Two major cases have gone against the banks this month, making it much harder for them to litigate financially distressed clients into surrender. In the High Court in Johannesburg, judges ordered that repossessed homes be sold at auction with reserve prices in all but exceptional circumstances. Thus, dispossessed homeowners get to keep a portion of the equity they’ve built up.
Then, just over a week ago, judges from the High Court in Pretoria found banks were clogging the justice system by hauling matters into the high court that properly belonged in magistrate’s courts.
The Pretoria court told the banks to take their cases to the lower courts, which had “monetary jurisdiction”.
Legal advisor Leonard Benjamin said: “If applied throughout the country, as it should be, and taken together with the recent full-bench judgment in the Johannesburg high court, this judgment will bring about a seismic change in how the banks pursue home loan debts against debtors.”

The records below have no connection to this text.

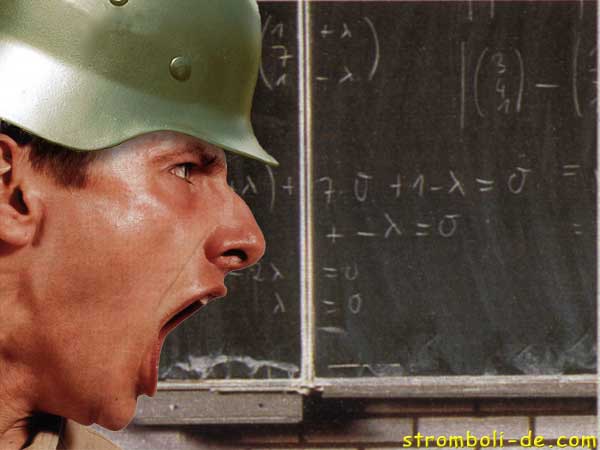 Die Baden-Württembergische Kultusministern Anette Schavan ist genervt. Ihre Forderung: mehr Männer an die Schulen, damit sich die Schüler auch an männlichen Leitbildern orientieren können. STROMBOLI meint sehr gut, Frau Ministerin. Aber bitte nicht noch mehr von diesen Weicheiern, die dort jetzt schon herumlaufen und am liebsten auch ein Kopftuch tragen möchten. Stattdessen erfahrene Ausbilder der Bundeswehr an die Schulen. Dafür kommen die Zicken zum Bund. Nach knüppelharter Grundausbildung ab an die Front. Dort können sie dann lernen, wie man den Taliban die Bärte abschneidet. |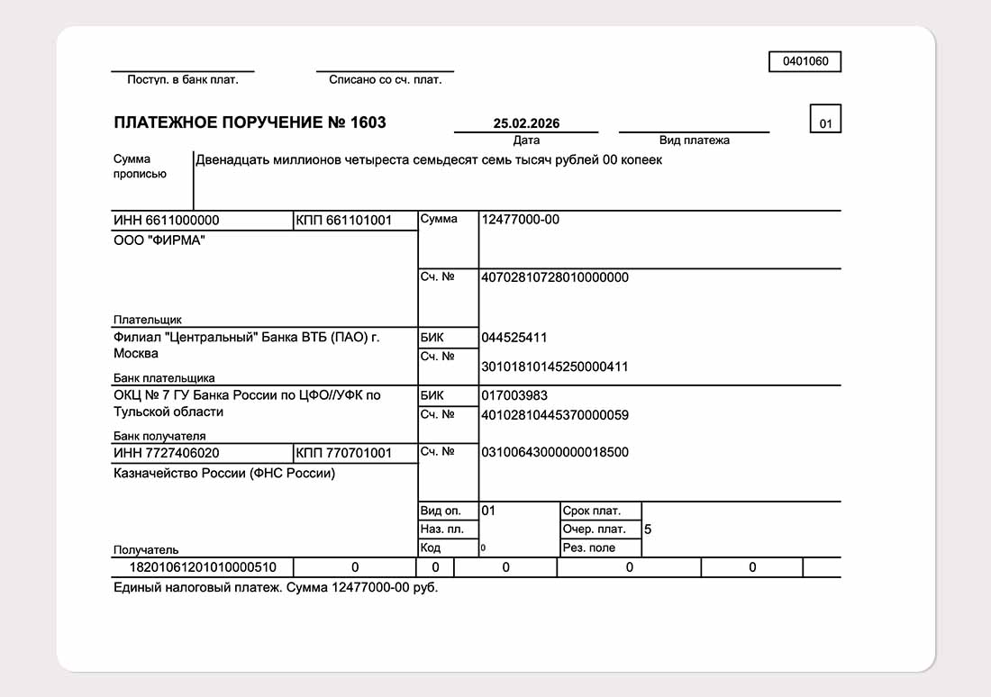 Пример заполнения платёжного поручения по ЕНП на единый налоговый счёт с общим КБК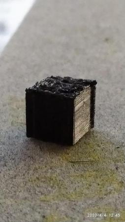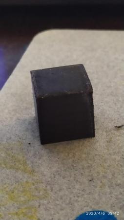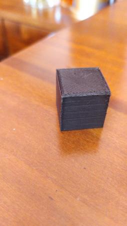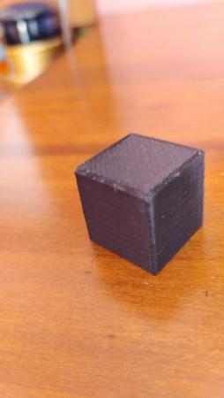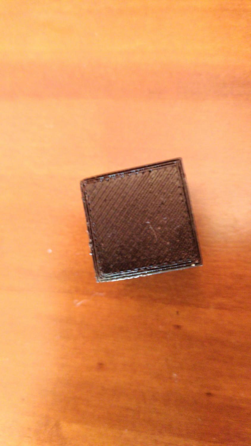 penso di essere arrivato ad un buon punto , ho stampato un cubo da 20mm x 20mm, ha rispettato le misure , solo un piccolo problema (penso) dalla parte inferiore dove poggia sul piatto noto un piccolissimo difetto, può essere la temperarure del piatto? temperatura piatto 50, temperatura estrusore 210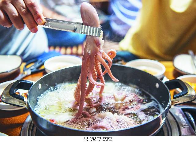 ‘봄 주꾸미, 가을 낙지’라는 말에서도 알 수 있듯 낙지의 제철은 보통 가을이다. 태안의 낙지 요리로 ‘박속밀국낙지탕’이 인기다. 낙지가 들어간 국물 요리를 일컫는 ‘연포탕’과 차이가 있다. 무 대신 하얀 박속과 파 및 고추를 썰어 넣고 국물이 끓어오르면 산낙지를 데쳐 낸다. 살짝 익힌 낙지는 양념장에 찍어 먹는다. 탱탱하고 야들야들한 낙지의 식감이 미각을 사로잡는다. 박은 당질과 단백질, 식이섬유가 많으며 칼슘과 비타민류를 함유하고 있어 영양 보충과 비만 해결에 도움이 된다. 박속에서 우러나는 시원하고 담백한 국물에 칼국수·수제비 등을 넣어 먹는 것이 포인트다. 밀가루로 만든 국물 있는 음식이어서 ‘밀국’이다.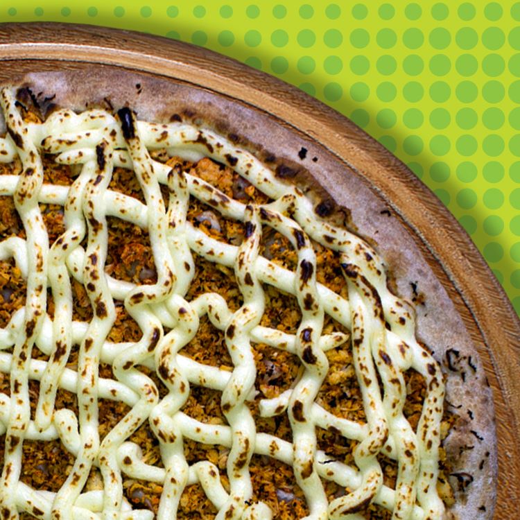 massa de fermentação lenta, molho de tomate temperado, molho de tomate temperado, peito de frango desfiado e temperado, cream cheese, bacon, azeitonas pretas e orégano.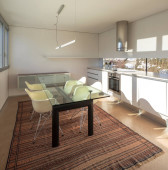 Wnętrze nowoczesnego mieszkania, widać kuchnię i stół jadalny. Jest słoneczny zimowy dzień..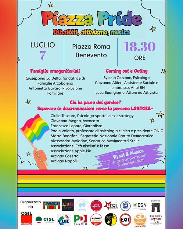 Benevento, Piazza Pride, 7 luglio dalle ore 18:30: dibattiti, attivismo e musica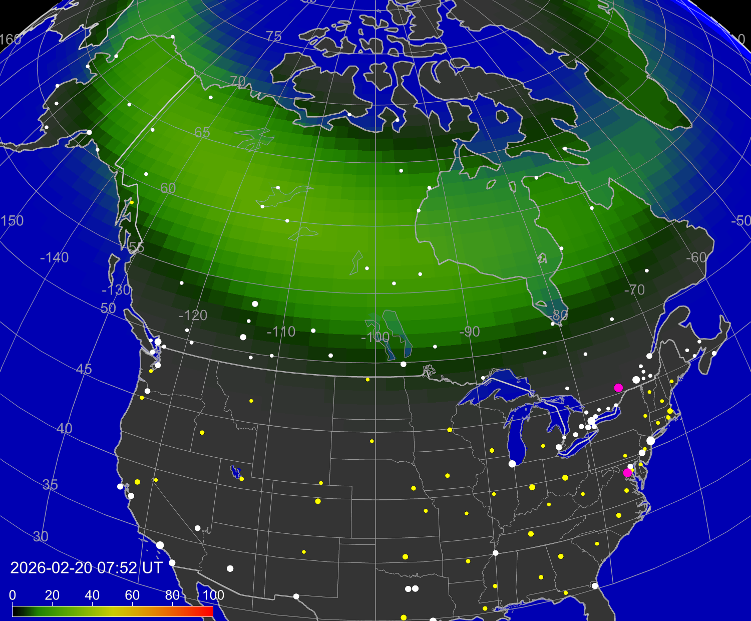 Зона полярных (северных) сияний над территорией Северной Америки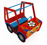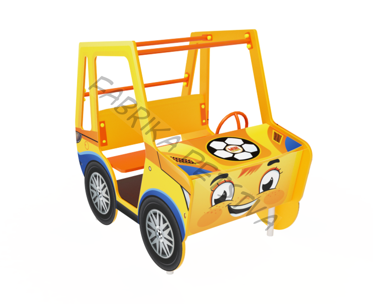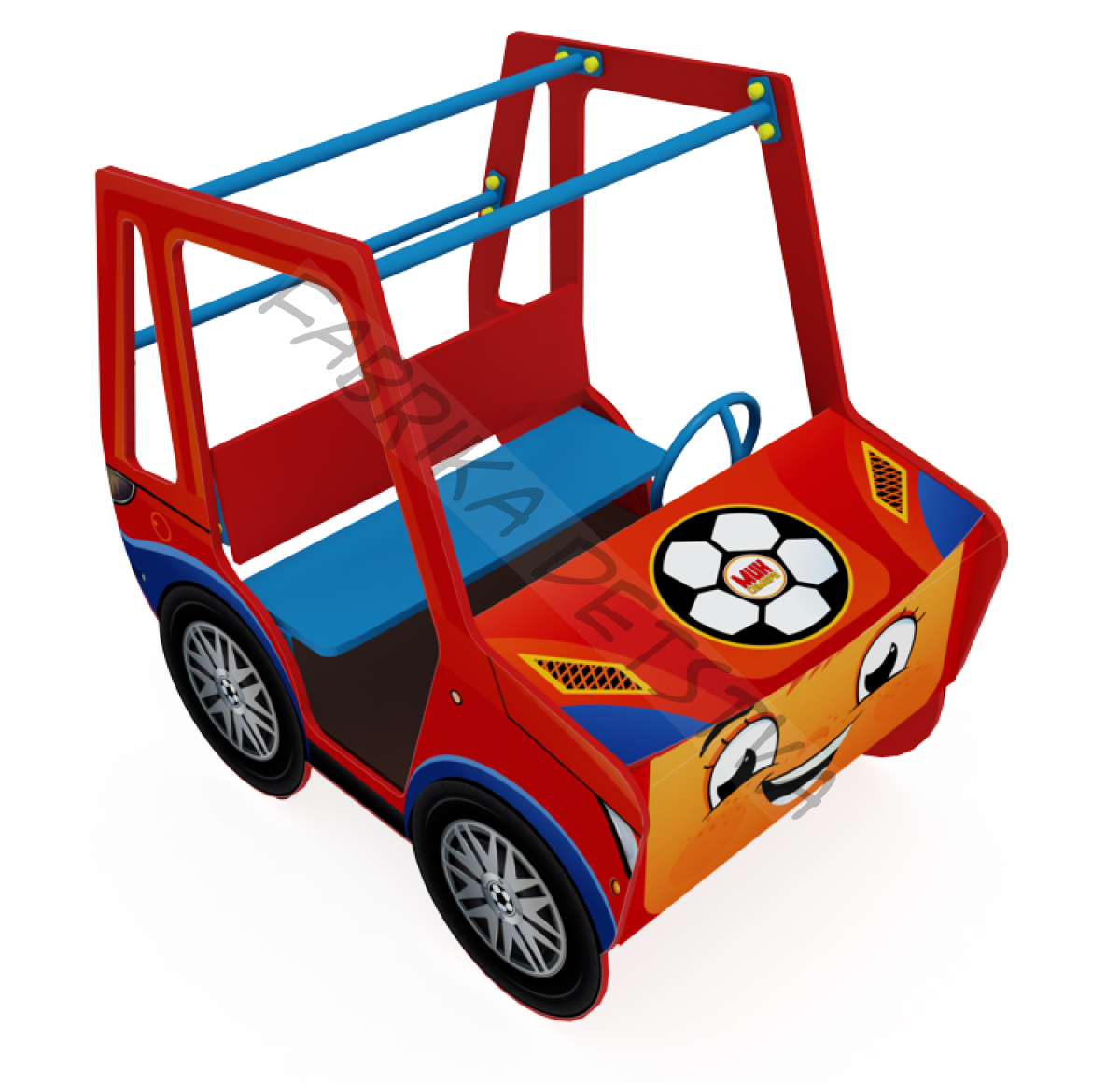 Борта стилизованы под машину и выполнены из влагостойкой фанеры толщиной 18 мм и состоят из боковых бортов размером 1200х1000х18 - 2 шт, капота 820х400х18 -1 шт., приборной панели (820х250х18 мм), передней панели (820х450х18 мм), колес ( диаметром 400 мм толщина фанеры 9 мм), на передней панели имеются фары из фанеры толщиной 9 мм, диаметром 120 мм и решетка радиатора (690х220х9 мм).
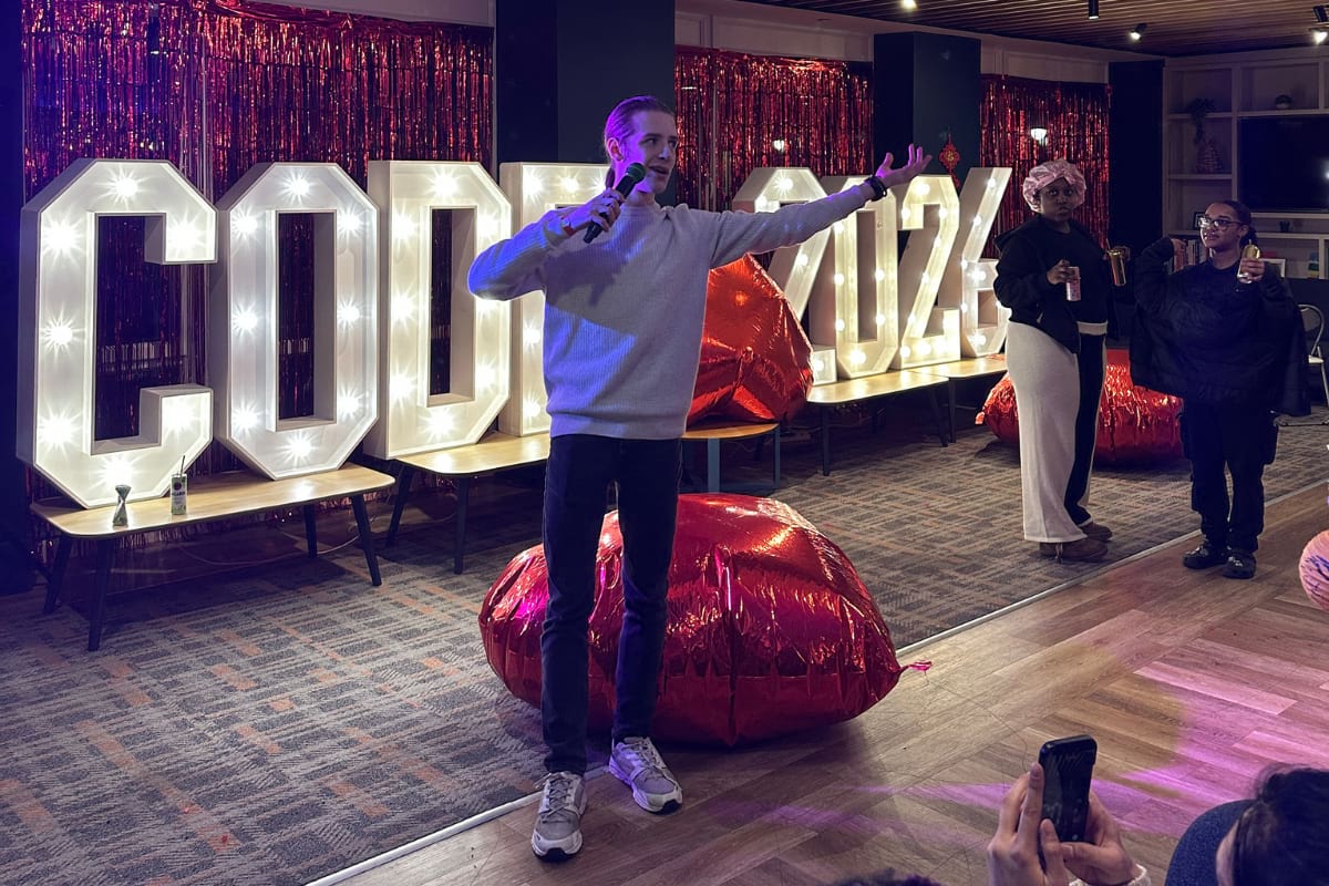 CODE's friendly Bingo announcer ensures all participants understand the rules before the game begins 🤓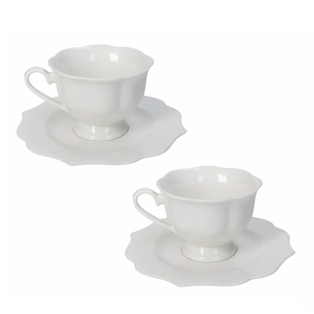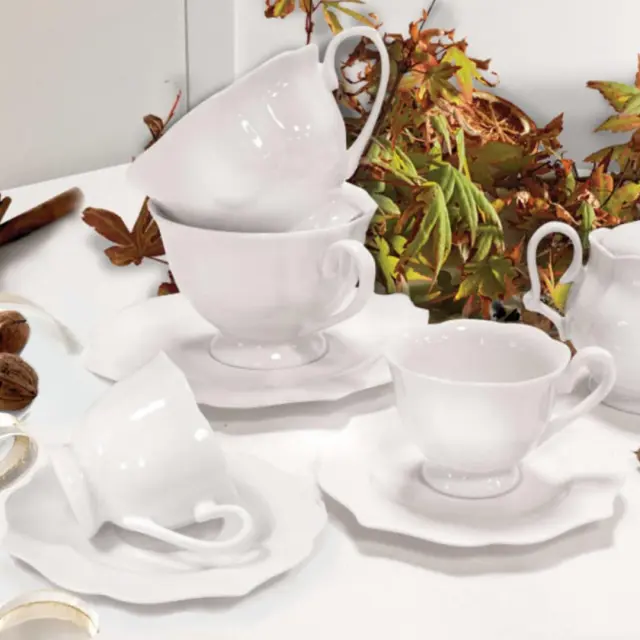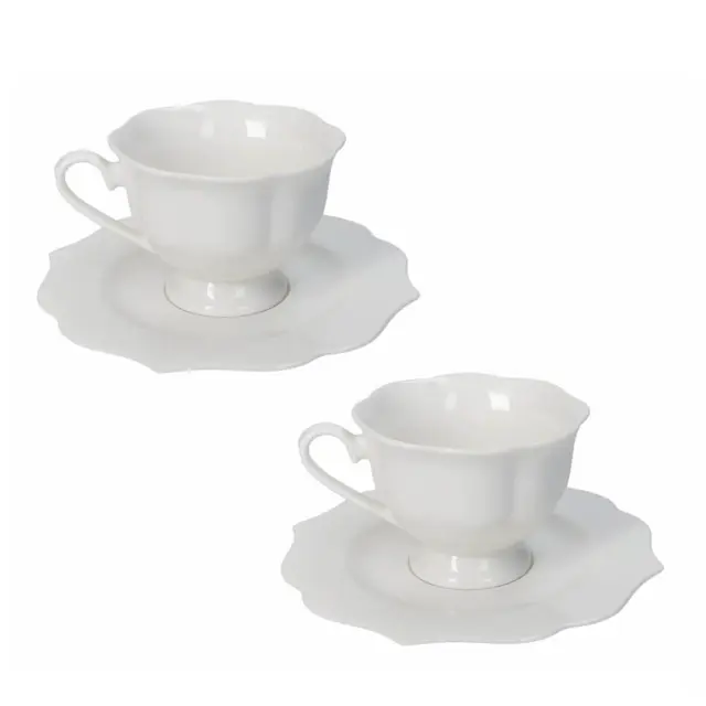 Set dveh elegantnih skodelic za čaj Queen s priloženima podstavkoma, je popolna izbira za ljubitelje prefinjenega čajnega servisa. Skodelici sta izdelani iz belega porcelana New Bone China, ki se ponaša z izjemno trpežnostjo, nežno prosojnostjo in svilnato gladko površino. Njuna klasična oblika z nežno valovitim robom doda pridih elegance vsaki priložnosti. Priložena podstavka poskrbita za popolno doživetje ob uživanju toplih napitkov. To je čudovit komplet za razvajanje ali kot darilo za posebne trenutke. Primerno za uporabo v mikrovalovni pečici in pomivanje v pomivalnem stroju.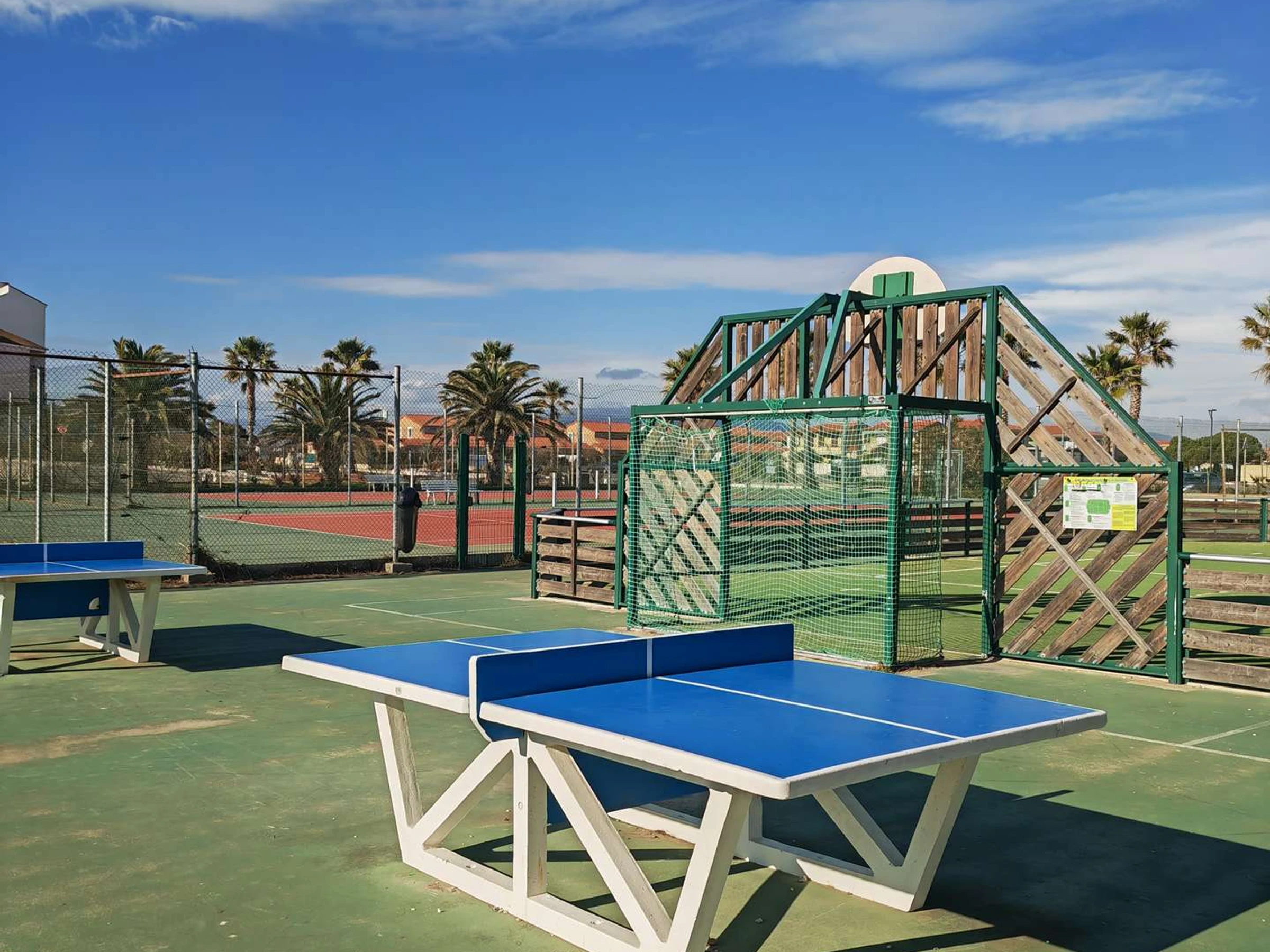 différents terrains de sport : terrain multisports, basket ball, terrains de tennis, terrains de pétanque ainsi qu'un demi terrain de football engazonné.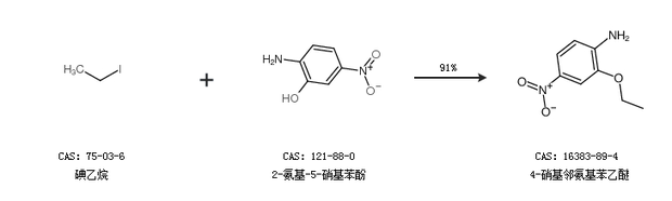 2.通过碘乙烷和2-氨基-5-硝基苯酚合成4-硝基邻氨基苯乙醚,收率约91%;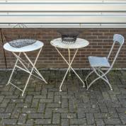 Diverse tuinobjecten: twee ronde witte ijzeren tafeltjes -één met roest op blad-, 71 × Ø 60 cm en 74 × Ø 60 cm, lichtgrijze klapstoel, en twee ijzeren manden

The case involved eight defendants being sued by four major banks for arrears of between R7 700 and R20 000. The court ruled these cases belonged in the lower courts, where legal costs are much lower.
In court papers, the banks explained their aversion to the lower courts: they’re inefficient, plagued by delays and there’s a lack of uniformity in the granting of orders.
Magistrates are reluctant to declare properties specially executable (they can be sold at auction).
Further, execution orders expire after one year. In the high courts, they don’t.
Thus, once banks have obtained an execution order in the high court, they can pressure a client to catch up on arrears.
The next time the client falls into arrears, the banks can sell the property at auction without having to approach the court again.
In the magistrate’s court, the bank would have to approach the court for a fresh execution order after a year.
The banks argued that the high courts and magistrate’s courts have “concurrent jurisdiction” and therefore they shouldn’t be prevented from bringing their cases to the higher court.
The judges disagreed, saying banks didn’t have an automatic right to a particular court, but to a fair hearing before a court or tribunal.
Another problem for the banks is that money judgments issued by the lower court become stale unless execution takes place within three years. This doesn’t apply in the high courts.
“The judgment now gives debtors an opportunity to defend matters in the magistrate’s courts,” says Benjamin.
“For too long, the banks have consciously used the high courts to discourage debtors from defending the proceedings brought against them ...
“This tactic has been successful and has allowed the banks, in many cases, to obtain judgment on defective summonses and even on nonexistent documents.”
In future, banks will have to argue why cases should be heard in the high courts if they properly belong in the magistrate’s courts.